[Start of section]

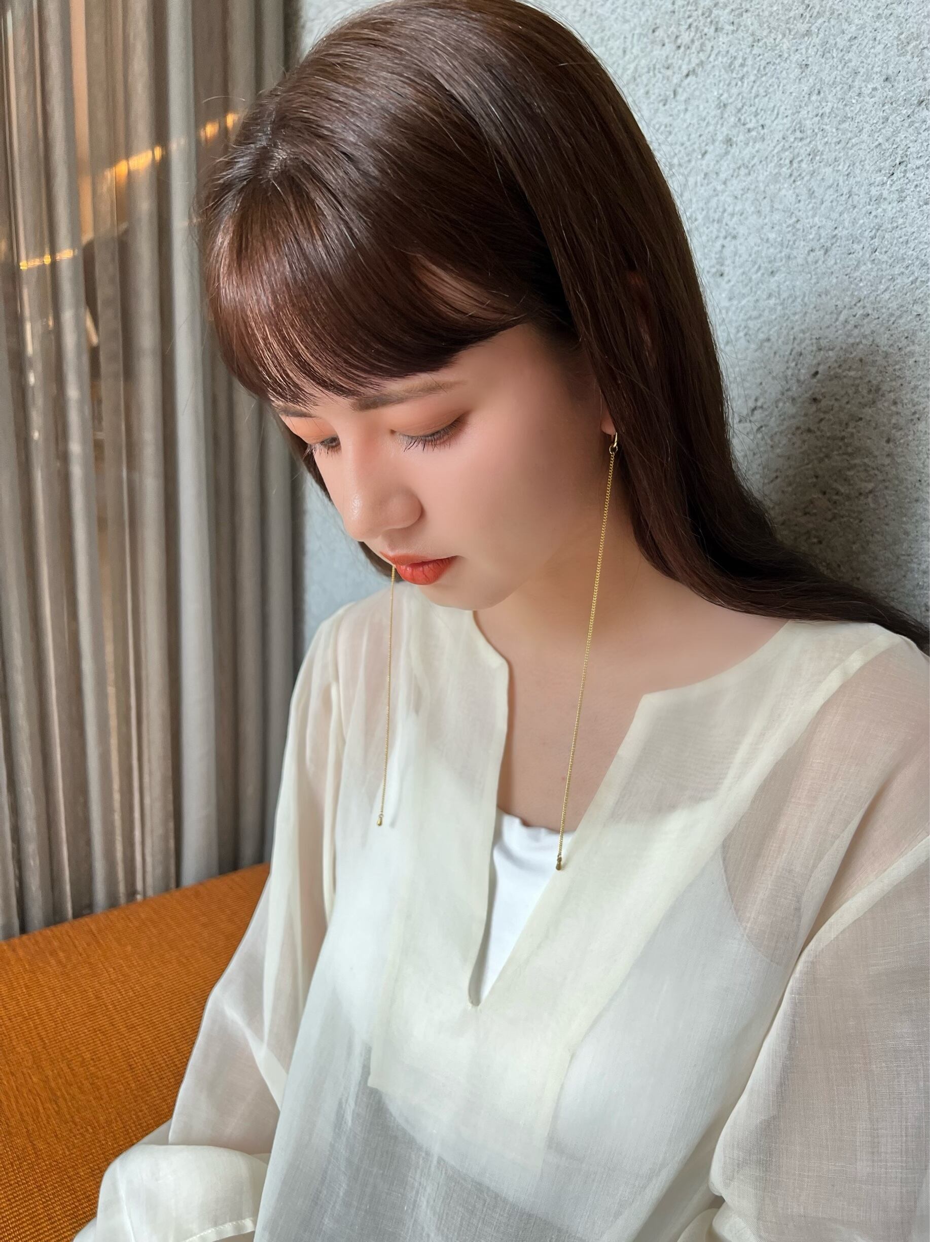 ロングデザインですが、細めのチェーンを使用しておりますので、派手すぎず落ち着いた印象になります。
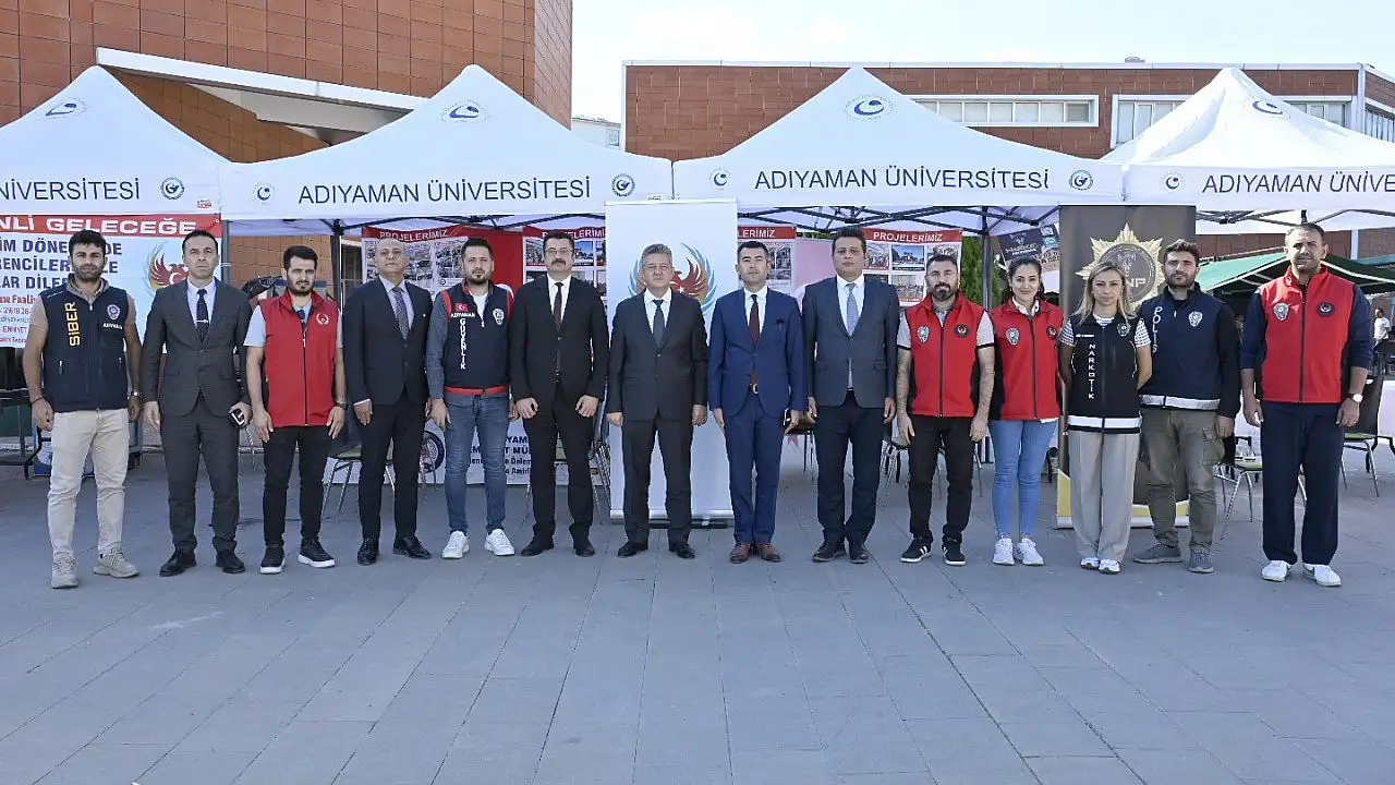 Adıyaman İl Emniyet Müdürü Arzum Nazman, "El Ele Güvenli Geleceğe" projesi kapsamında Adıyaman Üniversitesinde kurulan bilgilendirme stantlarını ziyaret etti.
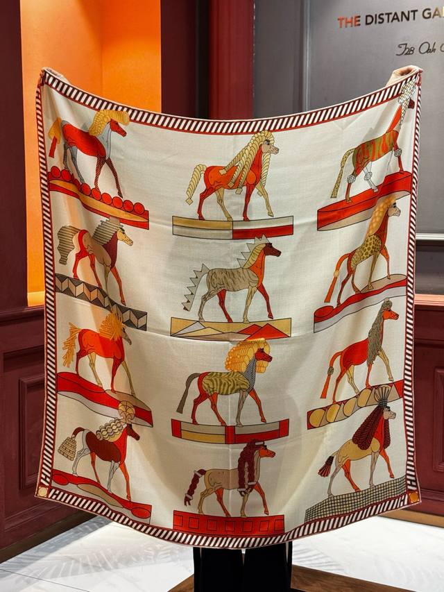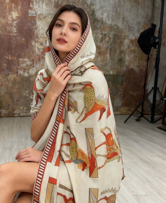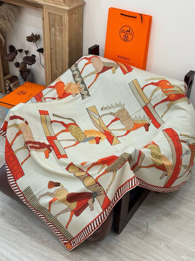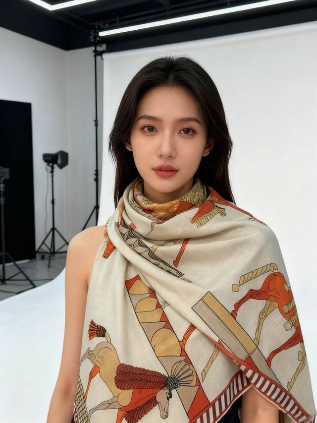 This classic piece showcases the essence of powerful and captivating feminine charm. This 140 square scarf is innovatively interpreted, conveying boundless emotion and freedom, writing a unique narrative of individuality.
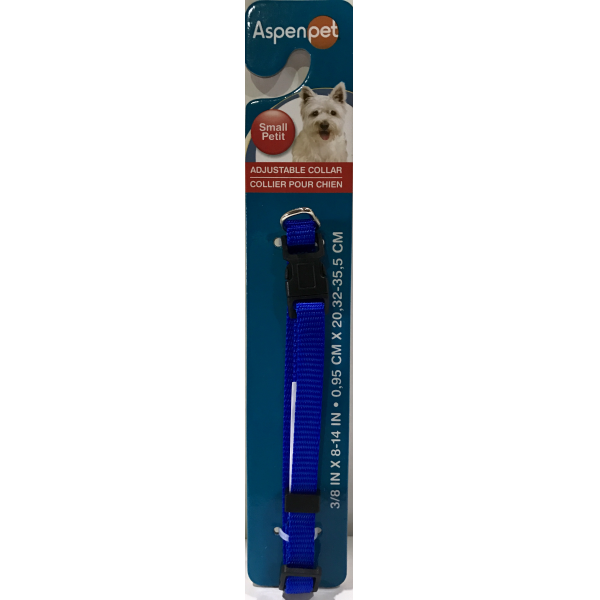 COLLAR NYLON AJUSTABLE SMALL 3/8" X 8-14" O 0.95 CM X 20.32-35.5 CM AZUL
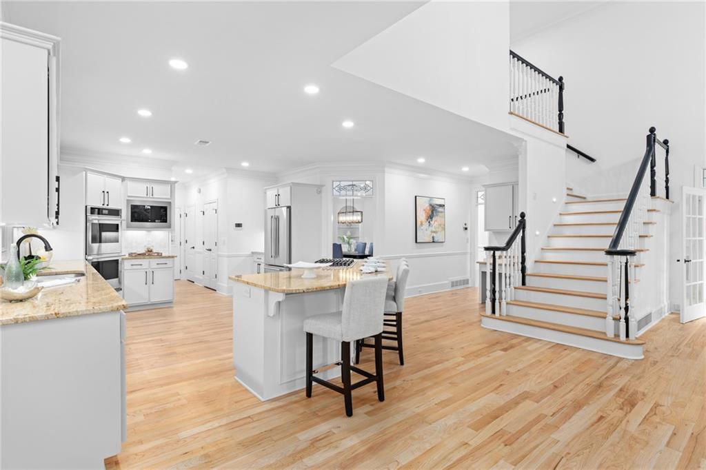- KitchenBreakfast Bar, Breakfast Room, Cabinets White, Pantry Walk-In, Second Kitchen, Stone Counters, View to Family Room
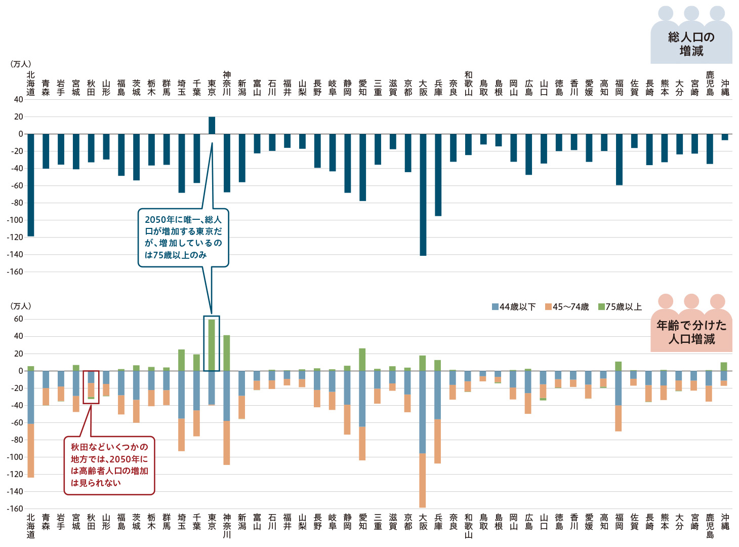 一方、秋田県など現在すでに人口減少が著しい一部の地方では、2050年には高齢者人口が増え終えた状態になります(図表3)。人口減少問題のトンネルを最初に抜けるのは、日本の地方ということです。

[End of section]
[Start of section]

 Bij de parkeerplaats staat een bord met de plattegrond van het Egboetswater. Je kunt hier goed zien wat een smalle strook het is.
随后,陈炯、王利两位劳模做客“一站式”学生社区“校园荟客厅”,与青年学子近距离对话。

[End of section]

**What to do**
Write out again exactly the lines above from the one with "Adıyaman İl Emniyet" through the one with "- KitchenBreakfast Bar, Breakfast", adding no other lines and no pictures.

**Output for this exercise**
 Adıyaman İl Emniyet Müdürü Arzum Nazman, "El Ele Güvenli Geleceğe" projesi kapsamında Adıyaman Üniversitesinde kurulan bilgilendirme stantlarını ziyaret etti.
 This classic piece showcases the essence of powerful and captivating feminine charm. This 140 square scarf is innovatively interpreted, conveying boundless emotion and freedom, writing a unique narrative of individuality.
 COLLAR NYLON AJUSTABLE SMALL 3/8" X 8-14" O 0.95 CM X 20.32-35.5 CM AZUL
- KitchenBreakfast Bar, Breakfast Room, Cabinets White, Pantry Walk-In, Second Kitchen, Stone Counters, View to Family Room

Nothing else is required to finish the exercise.